Model Validation

Transparent performance metrics from real neuroscience data

Our Models vs Real Lab Data

We don't just claim our models work — we test them against real neuroscience data. Below are our current validation results from published datasets. As we expand our training data and collect customer outcome data, these numbers will improve.

Validation Results

Purchase Intent Prediction
Validated

AUC

0.746

Accuracy

70.9%

Dataset
NeuMa (Georgiadis et al., 2023, Nature Scientific Data)
What
41 participants viewing real supermarket brochures with EEG + eye-tracking.
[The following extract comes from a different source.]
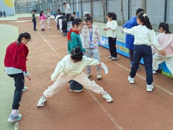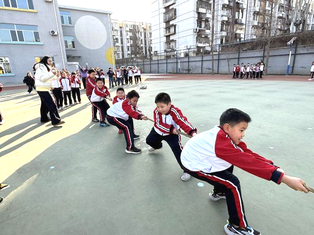 “猜丁殼拔河大賽”將現(xiàn)場(chǎng)氣氛推向了高潮。孩子們分成兩隊(duì),先通過(guò)猜丁殼的方式?jīng)Q定哪一隊(duì)先開(kāi)始拔河。猜丁殼時(shí),大家都全神貫注,眼睛緊緊盯著對(duì)手的手,心里默默盤算著策略。隨著老師一聲令下,拔河比賽正式開(kāi)始。加油聲、歡呼聲此起彼伏,整個(gè)操場(chǎng)都沸騰了起來(lái)。在這個(gè)充滿歡樂(lè)和競(jìng)爭(zhēng)的游戲中,孩子們充分感受到了數(shù)學(xué)與體育相結(jié)合的樂(lè)趣,同時(shí)也鍛煉了團(tuán)隊(duì)的協(xié)作能力和競(jìng)爭(zhēng)意識(shí)。

Participants selected products they intended to buy.
Task
Predict Buy vs NoBuy from EEG activity during ad viewing
Segments
405 labeled EEG segments (251 Buy, 154 NoBuy)
Published
Nature Scientific Data, 2023
Cognitive Load Detection
Validated

AUC

0.705

Accuracy

60.8%

Dataset
GSR Mental Workload Collection
What
44 real galvanic skin response recordings during high vs low cognitive workload tasks
Task
Distinguish high vs low mental workload from physiological arousal
Attention Prediction
Research-grounded

0.842

Dataset
Synthetic (grounded in Pieters & Wedel 2004, Itti & Koch 1998)
What
2,000 synthetic samples with feature weights derived from published eye-tracking research
Task
Predict attention capture score from visual properties
Emotional Engagement
Research-grounded

0.781

Dataset
Synthetic (grounded in Cahill & McGaugh 1998, Elliot & Maier 2014)
Memory Encoding
Research-grounded

0.758

Dataset
Synthetic (grounded in Paivio 1973, Hunt 1995)
Cognitive Load (Visual)
Research-grounded

0.853

Dataset
Synthetic (grounded in Mayer & Moreno 2003, Reber et al. 2004)

What These Numbers Mean

AUC (Area Under ROC Curve) measures how well a model distinguishes between two classes. An AUC of 0.5 is random chance, 1.0 is perfect. Our NeuMa purchase intent model at 0.746 means it correctly identifies Buy vs NoBuy decisions from EEG data nearly 75% of the time — trained on real brain recordings during real advertising viewing.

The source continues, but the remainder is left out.